PATRIMOINE DE LA PHOTOGRAPHIE
« Patrimoine de la Photographie » & « Patrimoine en péril : raviver, résister, réinventer »
« Nout zistwar an Foto »
La Possession au fil des images
Une image ne fige pas simplement un instant : elle conserve une mémoire. Témoignage du passé, elle immortalise un paysage, un bâtiment, un événement ou un visage, devenant au fil du temps une véritable archive de l'histoire. À travers cette exposition, la Ville de La Possession vous invite à parcourir près de deux siècles d'histoire à travers l’iconographie. Du battant des lames jusqu'au sommet des montagnes, découvrez l'évolution de La Possession et de ses quartiers, depuis le XIXe siècle jusqu'au début des années 2000.
C'est sur le littoral de La Possession que débute l'histoire de Bourbon avec la prise de l’île en novembre 1649. Au fil des siècles, un bourg se développe au rythme du commerce maritime, du batelage et de la pêche, tandis que les Hauts se construisent entre marronnage, concessions agricoles et ruralité.
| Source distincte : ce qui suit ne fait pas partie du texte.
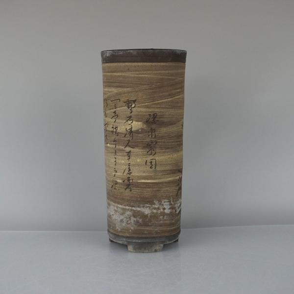 中古盆栽鉢 常滑 泥珠 中型 高さ 約18.5cm 下方 丸鉢 彫入 山水図 漢文 中古鉢 p1198414490

Cette identité singulière conduira La Possession à devenir une commune à part entière le 29 septembre 1890.
Si, au fil de l’histoire, l’iconographie s’est développée sous différents aspects (dessins, peintures, sculptures…), c’est au XIXe siècle que le procédé photographique connaît un essor majeur. Né en 1826 et présenté à l’Académie des sciences en 1839, il connaît de nombreuses évolutions techniques qui facilitent sa diffusion. La photographie permet de conserver durablement les paysages, les monuments et les sociétés. Dès la seconde moitié du XIXe siècle, les photographes parcourent l’océan Indien et La Réunion, constituant une mémoire visuelle exceptionnelle du territoire. Au XXe siècle, la photographie s’impose progressivement dans le quotidien.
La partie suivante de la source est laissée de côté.